When it comes to robots, there are many who are excited about the possibilities they bring and others who are afraid of the future. No matter on what side you are, you need to hear about Jibo, a social robot that has already met its crowdfuding goal on IndieGoGo with almost a month left to go. At the time of writing this, the Jibo team has raised more than $560,000 from the initial $100,000 goal.
Jibo is basically a little pod with a motorized swivel, equipped with cameras, microphones and a display, being able of recognizing faces and voices. Think of it like Siri “with a body”, if I can say so. Jibo acts like a personal assistant that can set reminders, deliver messages and take group photos. Another really useful purpose that it serves is that of a telepresence robot for video chats.
Besides these features that are also possible with home automation and mobile devices, Jibo learns the preferences of the family members and adapts to them. This tiny robot is being described as a “member of the family” in the official video and that’s thanks to its natural social and emotive cues.
Jibo is also said to be a great learning tool for kids as it can read and tell stories and interact with them. Video chat becomes more natural with it since it’s able of showing the avatar of the interlocutor thanks to its see-and-track camera.
At the moment you can still claim a unit for $499, with an estimated December 2015 ship date but there are only a few spots open, so hurry up. The team behind Jibo is being leaded by Cynthia Breazeal, head of the Personal Robots Group at the MIT Media Lab.
However, not everybody seems to be enthusiastic over this device and here’s an interesting take from Time.com’s Jared Newman who says that home automation will eliminate the need for dedicated robots:
If home automation goes mainstream, a dedicated robot won’t be necessary, because our phones will do a better job of signaling when we’ve walked through the front door. The idea of having your messages read to you when you get home is a throwback to answering machines, which are obsolete now that we can check our messages from anywhere.

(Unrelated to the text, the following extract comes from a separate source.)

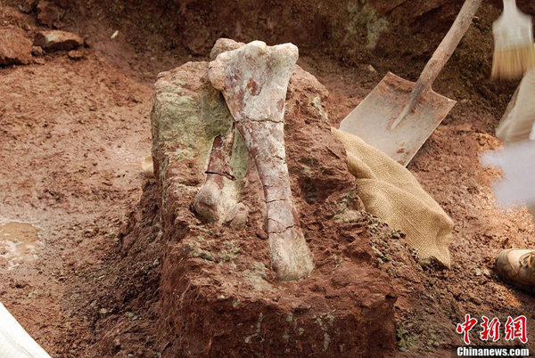 中国科学院古脊椎动物与古人类研究所科考人员日前在“中国恐龙之乡”山东莱阳一处距今约8000万年的白垩纪恐龙化石层,现场发掘、清理出大量恐龙化石,并用石膏等包裹制成标本。这些取出的恐龙骨骼化石除了科学研究外,还将成为恐龙化石装架材料,为建成莱阳“白垩纪国家级地质公园”做准备。莱阳具有丰富的恐龙化石、恐龙蛋化石和恐龙足迹化石,目前共发现和命名的恐龙达8属11种,恐龙蛋化石5属11种。

He then adds that Jibo could be used for specific situations and this doesn’t justify the $500 price:
There is something to be said for a device that can persistently listen for your commands and act on them, but this is the same problem that wearable devices are trying to solve, and they’re better-suited to being wherever you are. While group photos and telepresence are potentially useful, now we’re getting into some very specific situations that don’t really justify a $500 purchase, regardless of how endearing Jibo tries to be.
Just like Jared, I agree that if Jibo would be able to clean windows or cook dinner, then it would really have a wow factor to it. What makes Jibo special is the fact that it’s simply there and that’s what the video tries to suggest – a member of the family that responds to your commands and helps you out when needed.